Platform Overview
Estuary is a real-time AI conversation platform that gives characters persistent memory, voice, spatial awareness, and the ability to take actions in your application. This page describes the architecture that all Estuary SDKs interact with.
Architecture
Estuary uses a Gateway-Worker architecture designed for low-latency streaming:
┌──────────────┐ ┌───────────────┐ ┌────────────────┐
│ Your App │──────>│ Gateway │──────>│ Redis Queue │
│ (SDK) │<──────│ (FastAPI + │<──────│ │
│ │ │ Socket.IO) │ └───────┬────────┘
└──────────────┘ └───────────────┘ │
│ ▼
│ ┌────────────────┐
┌──────┴──────┐ │ Workers │
│ LiveKit │ │ (Stateless, │
│ (WebRTC) │ │ Scalable) │
└─────────────┘ └────────────────┘
│
┌───────┴───────┐
│ Providers │
│ STT, LLM, │
│ TTS, VLM │
└───────────────┘
Gateway
The gateway is a FastAPI server with Socket.IO that handles all client connections.
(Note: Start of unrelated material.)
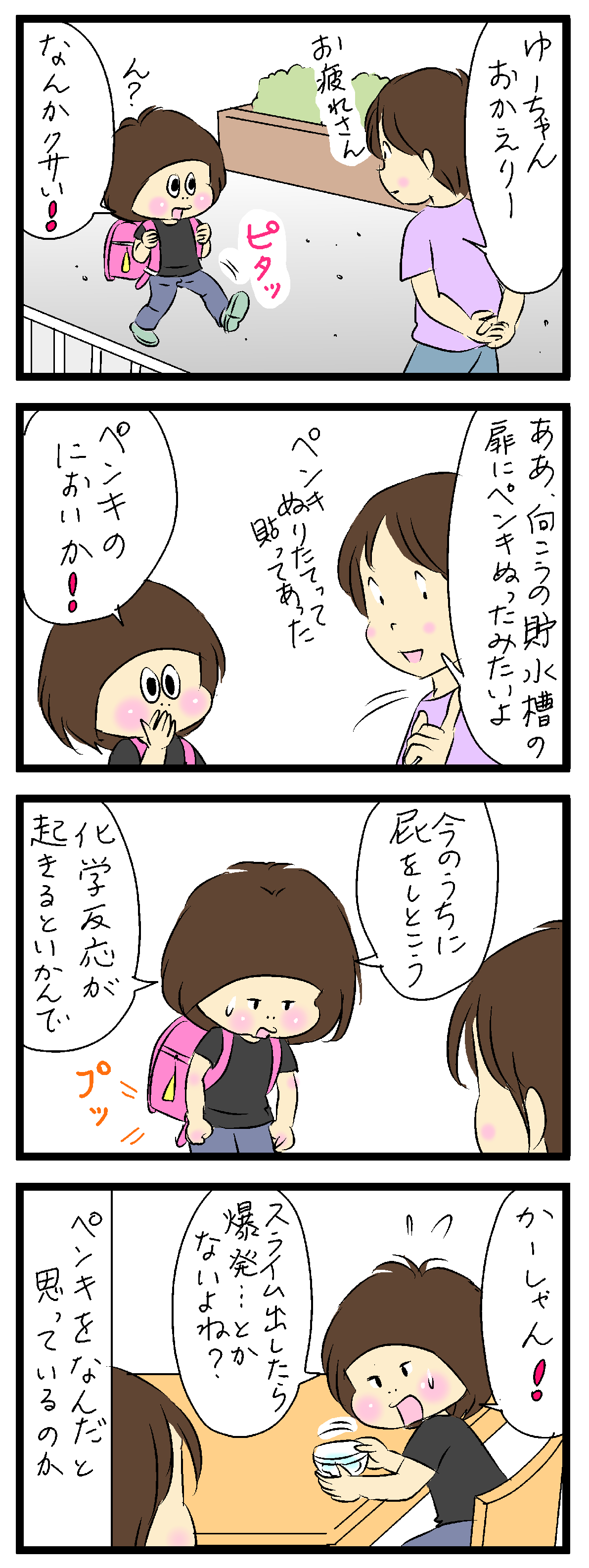 でも、確かに、子どもの頃、ペンキの匂いって、何か起こりそうな、不安をかきたてる匂いだったかも💦理科で、化学反応やらなんやら、いろいろ教わるから、「はっ‼️あれもこれも‼️世の中は危険でいっぱいなんじゃないか❗」的な気持ちだったような気がします(笑)

It:
- Authenticates SDK connections using API keys
- Manages WebSocket sessions via Socket.IO v4
- Streams audio to/from clients for speech-to-text
- Negotiates LiveKit WebRTC rooms for low-latency voice
- Routes work to stateless workers via a Redis queue
- Publishes responses back to clients via Redis pub/sub
Workers
Workers are stateless processes that pick up requests from the Redis queue. Each request flows through a pipeline:
- STT -- Transcribe speech to text (Deepgram)
- LLM -- Generate a response (OpenAI) with memory context
- TTS -- Convert the response to speech (ElevenLabs)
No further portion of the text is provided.